OK, is anyone still here? I guess you never saw that talk; maybe you work for a real software company and didn't think you could learn anything about surviving office politics from a couple of open-source loonie tunes? Nevertheless. This is seriously a good book. It talks about why you want to have some people skills to make your way through your life in software development. Even if you don't want to learn to play nice with others, it's good to at least learn to see what's going on around you so you can figure out when you've stumbled into a bad situation.

Some excerpts that you can use right away...

On initial design: "If you're trying to design something new, try to include no more than five people in your meeting—it's practically impossible to come up with new designs and make decisions with more than five."

On "distributed" offices: "If you're on a team that has remote workers, this means documenting and sharing decisions in writing, usually over email."

On chat: "Years before instant messaging became wildly popular, teams would hang out in an Internet Relay Chat channel and most of their discussions would be in a group chat." If your team isn't using IRC, you're missing out. (Yes, Wave was supposed to fix this. Too bad.)

On commenting code: "Comments should be focused on why the code is doing what it's doing, not on what the code is doing." ...especially Author: lines "...littering source files with your name is, in our opinion, more trouble than it's worth." That's what your source code control tool is supposed to keep track of, after all.

On code reviews: "Whether you review the code before committing it or after committing it, you should make sure every line of code that goes into your repository gets a second pair of yeyes on it to check for style, quality, and, of course, careless mistakes. Keep changes small and reviewable—changesets that are thousands of lines long are unreviewable for anything but formatting nits." This ican be news to students accustomed to write-and-forget code.

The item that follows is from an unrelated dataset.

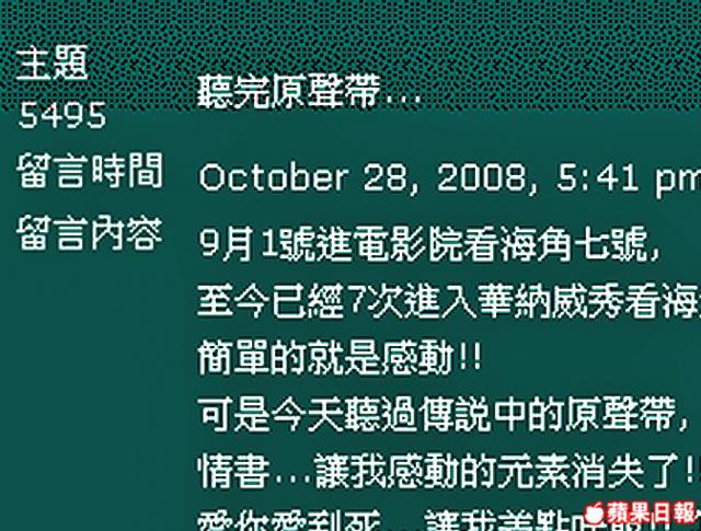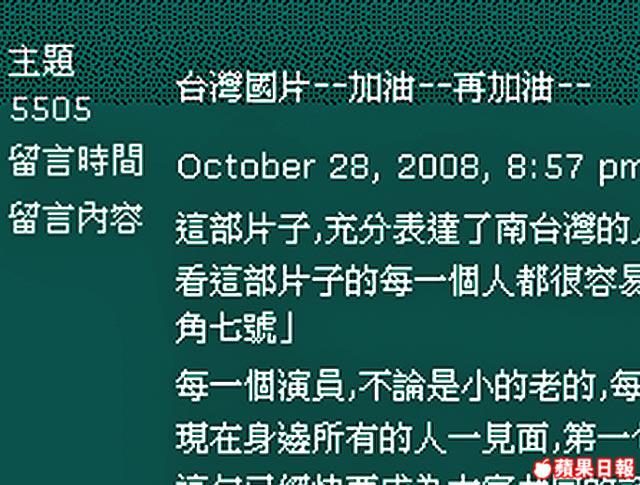 初采umi:久違了的感動,很久沒有看到電影院造成滿滿的情形,的確是一部充滿台灣人情味的國片!(轉載自《海七》官網留言版 http://cape7.pixnet.net/blog)

On managing, if you get tricked into it: "Above all, resist the urge to manage." Try to maintain a Bill Coughran-like light touch. Get your team eating lunch together regularly.

On code maintenance/cultivation/janitor work: "We now have a handy rule we live by: a team should never spend more than one-third to one-half of its time and energy on defensive work, no matter how much technical debt there is. Any more time spent is a recipe for political suicide."